India is world’s second largest sugar producer after Brazil with production of around 20-25 million tonnes of sugar every year. The sugar production was 25.13 million tonnes in 2015-16 sugar season (sugar season ~ October to September); 20.2 million tonnes in 2016-17, 25 million tonnes in 2017-18 and is expected to be around 30 million tonnes in 2018-19. Currently, UP is India’s foremost sugar producing state and it is likely to maintain this position for the next two years. Maharashtra is on number 2 in production of both sugarcane as well as sugar.
The bumper harvest of sugarcane has created problem of plenty for already troubled cane farmers, sugar mills as well as governments at centre and state. The sugar mills need to buy cane from farmers at state advised price (SAP) but have to sell their produce at either marginal cost above production or in loss. Thus, higher price purchase of sugarcane but low price sale of sugar in open market creates stress on sugar mills and they are unable to make payments to farmers. This leads to accumulation of arrears.

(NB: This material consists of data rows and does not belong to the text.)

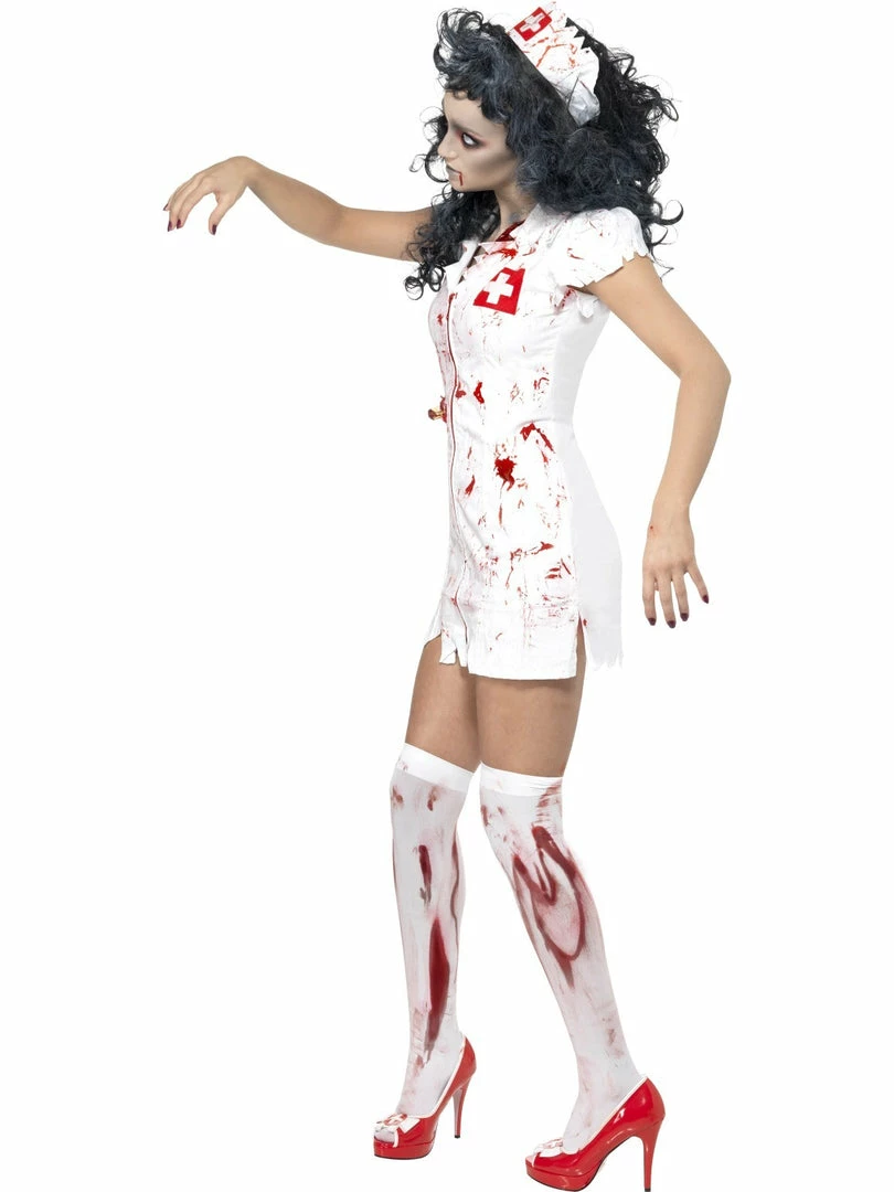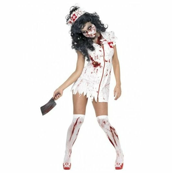 Join the undead with the Zombie Nurse Costume. This gruesome ladies Halloween fancy dress costume is one of our most popular. To complete the look add our Blood Splattered Thigh High Stockings and extra blood to finish off. You won’t cure any ailment wearing this costume! Happy Halloween and Zombie Walk.
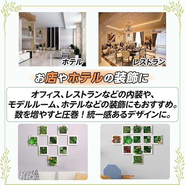 【多用途に使えるインテリアオプション】 このウォールグリーンは、家庭だけでなく、ビジネスシーンでも幅広く活用できます。オフィスやカフェ、バー、ホテルなど、様々な商業施設での使用が推奨され、空間にプロフェッショナルな雰囲気を加えます。小さなサイズのため、狭いスペースでも設置が可能。例えば、モデルルームでは、統一感のあるデザインとして複数のウォールグリーンを組み合わせることで、エレガントな空間を作り出します。インテリアの一貫性を保ちつつ、必要に応じて簡単に配置を変更することができます。
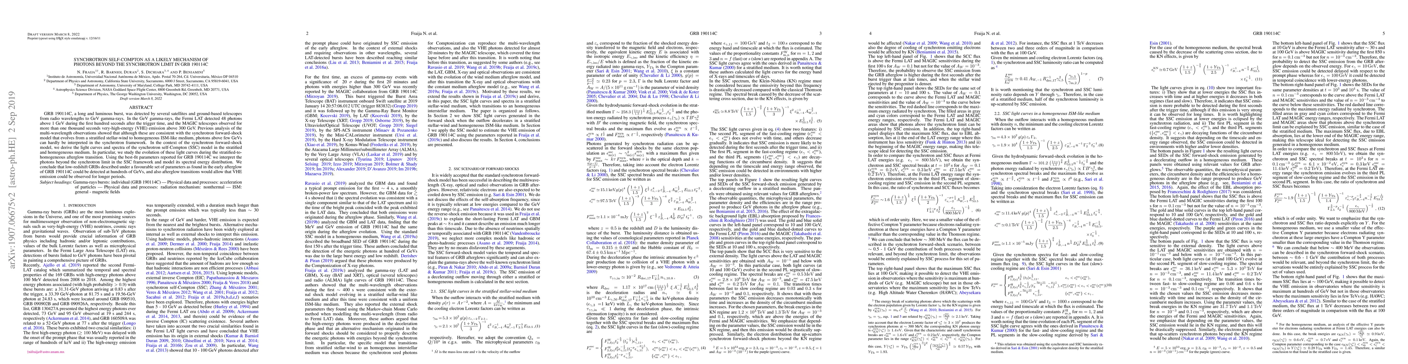 GRB 190114C, a long and luminous burst, was detected by several satellites and ground-based telescopes from radio wavelengths to GeV gamma-rays. In the GeV gamma-rays, the Fermi LAT detected 48 photons above 1 GeV during the first hundred seconds after the trigger time, and the MAGIC telescopes observed for more than one thousand seconds very-high-energy (VHE) emission above 300 GeV. Previous analysis of the multi-wavelength observations showed that although these are consistent with the synchrotron forward-shock model that evolves from a stratified stellar-wind to homogeneous ISM-like medium, photons above few GeVs can hardly be interpreted in the synchrotron framework. In the context of the synchrotron forward-shock model, we derive the light curves and spectra of the synchrotron self-Compton (SSC) model in the stratified and homogeneous medium. In particular, we study the evolution of these light curves during the stratified-to-homogeneous afterglow transition. Using the best-fit parameters reported for GRB 190114C we interpret the photons beyond the synchrotron limit in the SSC framework and model its spectral energy distribution. We conclude that low-redshift GRBs described under a favourable set of parameters as found in the early afterglow of GRB 190114C could be detected at hundreds of GeVs, and also afterglow transitions would allow that VHE emission could be observed for longer periods.

Though government decontrolled sugar industry partially in 2013 and allowed them to sell their produce in open market, the sugar industry faces a bizarre problem that price of its raw material (cane) is fixed by state and central governments as State Advised Price (SAP) and Fair and Remunerative Price (FRP) respectively. The government supported cane prices are attractive to farmers, but loss due to any fall in the prices of sugar in open market has to be borne by the sugar industry. Further, absence of infrastructure for ethanol production makes sure that the surplus production of sugarcane is not optimally absorbed.
This package announced on June 6, 2018 includes Rs. 4500 crore soft loan for building ethanol production capacity and Rs. 1540-crore production-linked direct payments to cane farmers by sugar mills. Further, government has also hiked import duty on sugar to curb the problem of plenty. Government has also decided to create some kind of stock of sugar.